Analyzing functional magnetic resonance imaging (fMRI) data has revealed localized brain regions and functional networks that exhibit consistent properties across subjects. Moreover, alterations in such properties are often associated with mental illnesses, including major depressive disorder (MDD). Separate fMRI analyses are typically conducted to address objectives concerning localized brain activity patterns and functional networks (connectivity). A key statistical challenge is to develop methodology to address both of these objectives within a unified modeling framework. We present a Bayesian spatial model, extending work by Bowman et al., 2008, that yields inferences for both localized activation patterns and network properties. The extended model is applicable to both task and resting-state fMRI data. We perform estimation using MCMC methods implemented via Gibbs sampler. We apply our Bayesian model to data from an fMRI study of MDD.

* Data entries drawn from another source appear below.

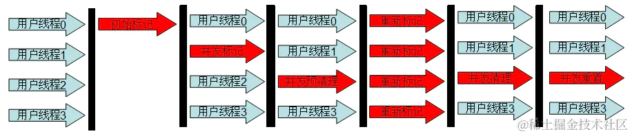 普通CMS老年代回收过程如下图所示。
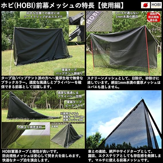 HOBI 前幕メッシュ200【日本製】200×182cm 消防庁防炎規格適合品 [無骨でタフ] 頑丈ハトメ8カ所 軍幕 横幕 スクリーン 砂よけ 日よけ タープ キャンプ アウトドア レジャー ホビ ブラック [MADE IN JAPAN]11
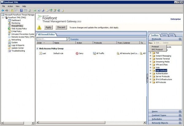 TMG-də Firewall Policy-nin Toolbox hissəsində NEW -> Protocol deyərək davam edirik.
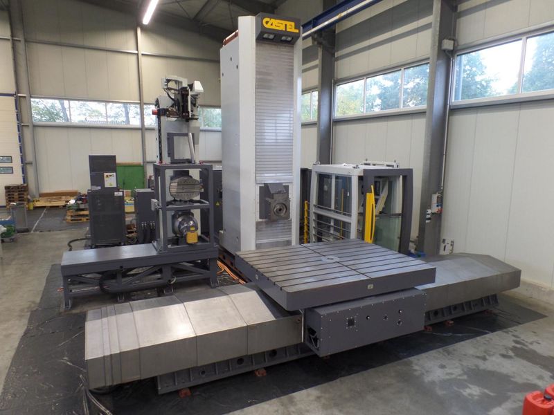 CASTEL RED is a transverse travelling column boring machine with a table that can be moved in longitudinal direction.
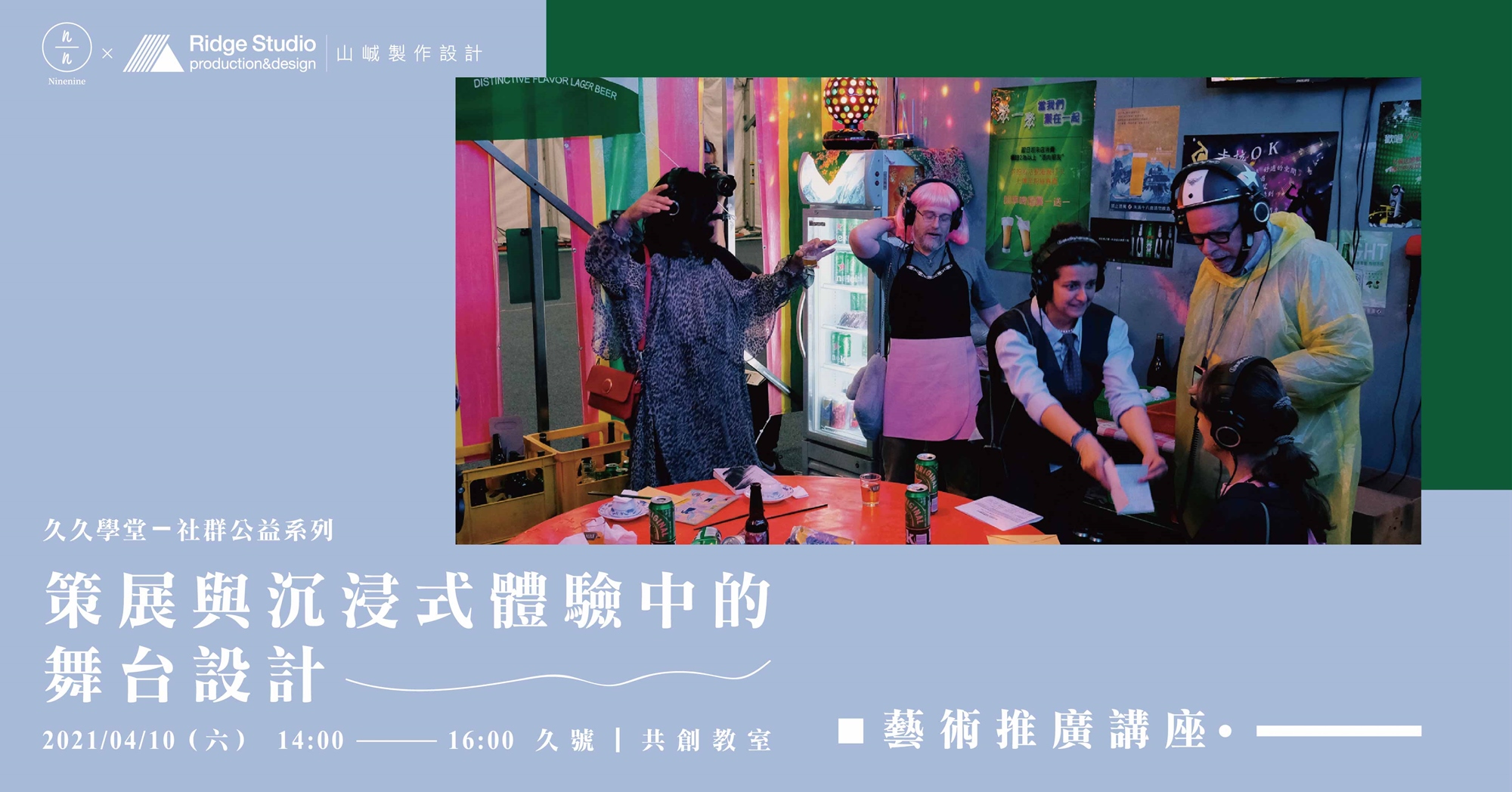 本講座將帶大家了解如何讓舞台設計成為觀眾浸潤身心的場域?展覽本身的敘事潛能如何藉舞台設計透顯?在沉浸式劇場日漸興盛且形式多變的今日,不論國內國外,它的定位會因多元而被確立亦或更加模糊?本場演出將從舞台設計的視角出發,開啟一段從劇場、劇本開始的沉浸式策展之旅。
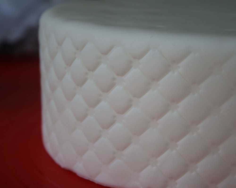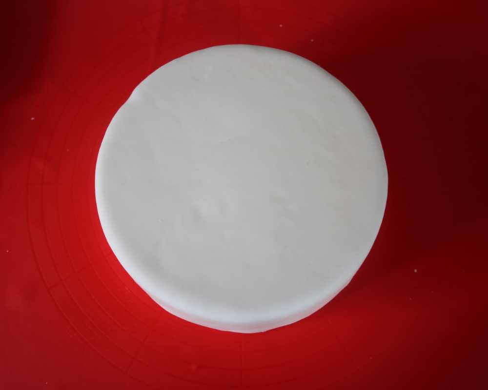 1 Rolle weissen Fondant aus und drapiere ihn auf der mit Ganache überzogenen Torte. Glätte ihn mit dem Glättewerkzeug und schneide die überstehende Masse ab.
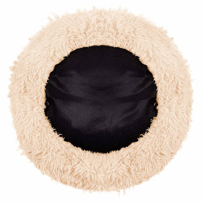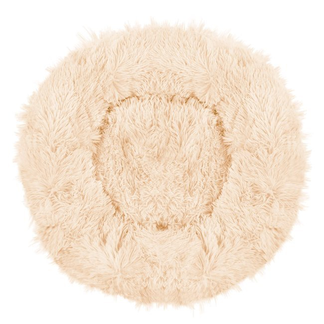 Material: poliester Culoare: crem Forma: rotunda Diametru: 90 cm Potrivit pentru catei/pisici cu talie: mai mica de 23 kg Baza antiderapanta Acest pat pufos pentru catei...
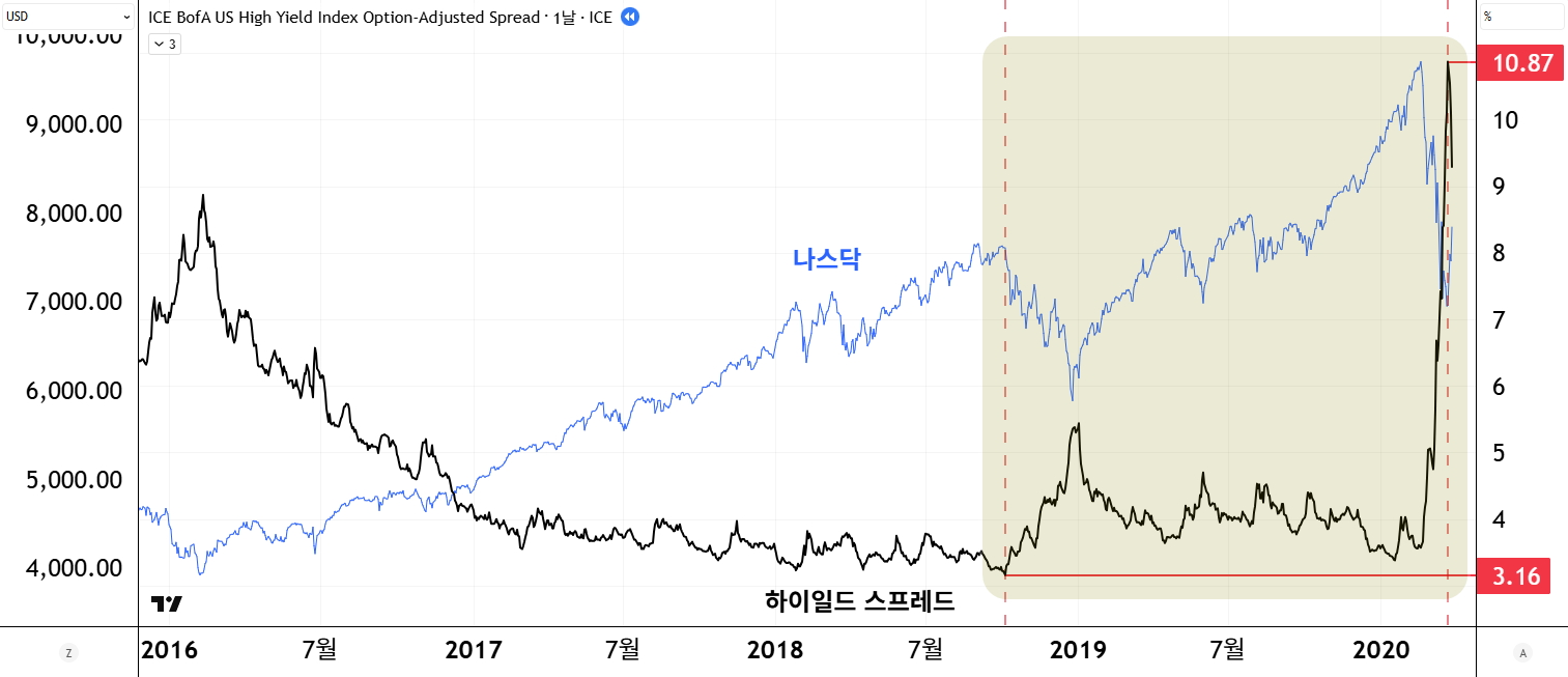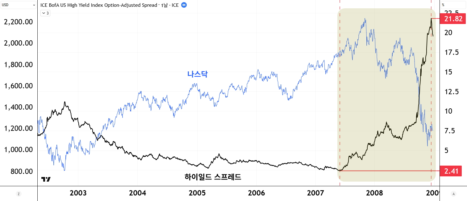 위 차트에서 검은색 선은 하이일드 스프레드를, 파란색 선은 나스닥을 나타낸다. 두 차트가 대체로 반대 방향으로 움직이는 것을 알 수 있다. 스프레드의 급등은 곧 나스닥의 급락을 의미한다는 것이다.
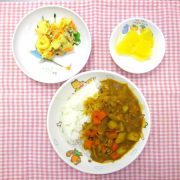 ポークカレー マカロニサラダ 果物(パイン缶) 小魚
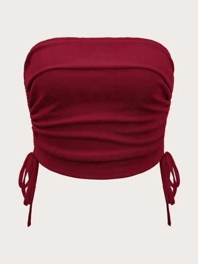 SHEIN ICON 側抽繩褶邊抹胸上衣 - 酒紅色 - 查看 1
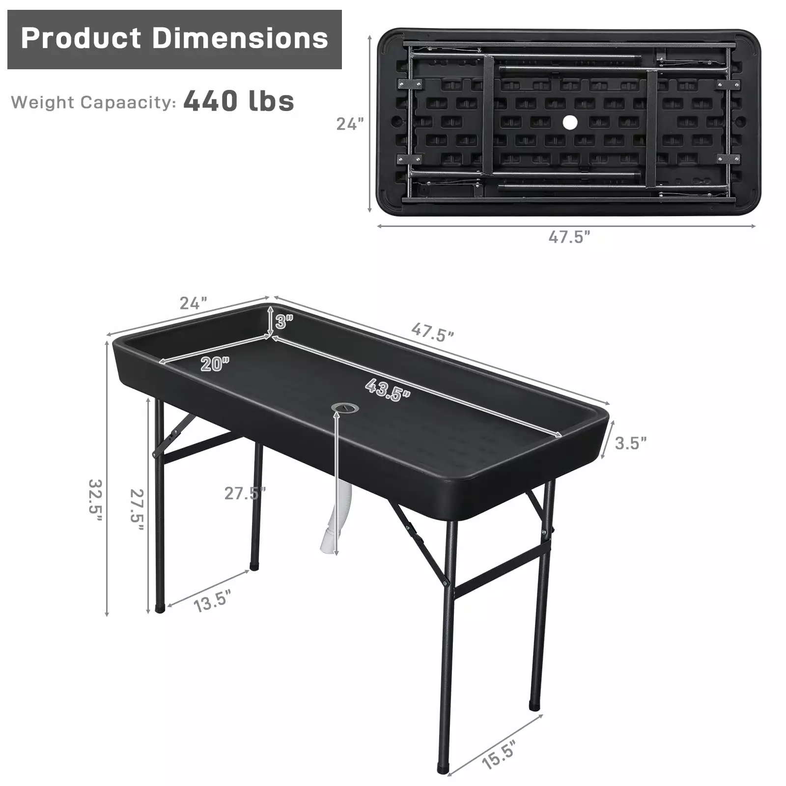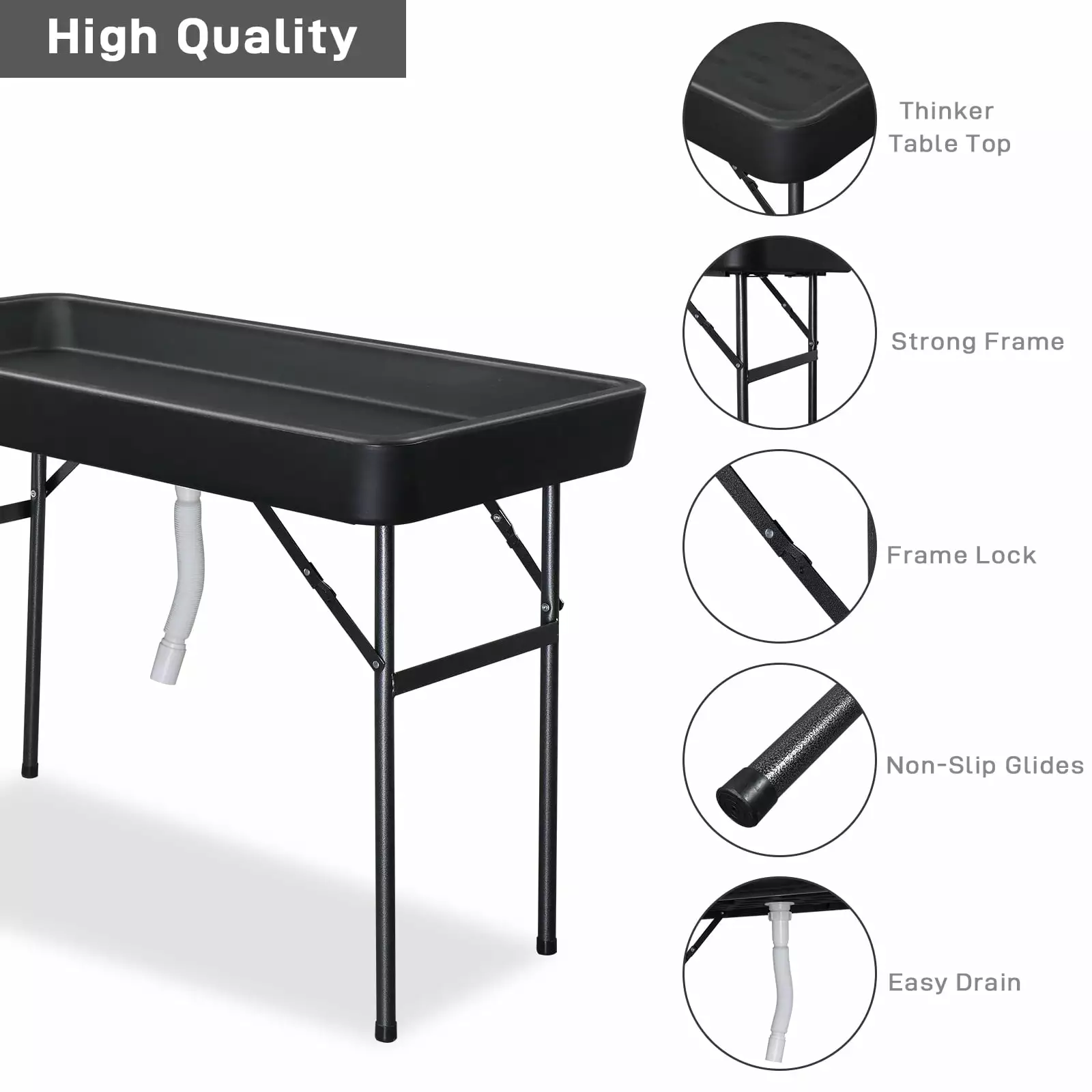 INDENTED STRUCTURE AND KEEP COOLER – deep 3.5 ice bin allows users to hold a large quantity of ice to keep their products cooled and fresh for longer periods of time.Lightweight and durable plastic tabletop with Collapsible Steel Legs maintain years of use
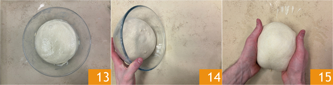 Take the risen dough 13. Turn it out onto a work surface 14 or bench lightly sprinkled with oil and give the final folds 15.
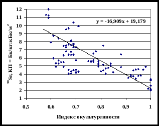 Величина коэффициентов перехода 90Sr в урожай многолетних злаковых трав определяется теми же свойствами, что и величина перехода 137Cs: степенью насыщенности основаниям, V (r = - 0,72), содержанием обменного Са (r = - 0,70), содержанием обменного К2О (r = - 0,69), индексом агрохимической окультуренности почвы (r = - 0,68), величиной гидролитической Нг (r = 0,64), и обменной кислотности рН (KCl (r = - 0,63).

Keywords: Spatial modeling; Brain imaging; Bayesian modeling

Biography: DuBois Bowman is an Associate Professor of Biostatistics and Bioinformatics at Emory University and Director of the Center for Biomedical Imaging Statistics (CBIS) at Emory. He has built a program of research involving the development of statistical methods for brain imaging data, including fMRI, PET, and DTI. His methodological research interests focus on 1) spatio-temporal modeling of functional neuroimaging data, 2) characterizing functional connectivity in the brain, and 3) prediction, e.g. predicting brain responses to psychiatric treatments.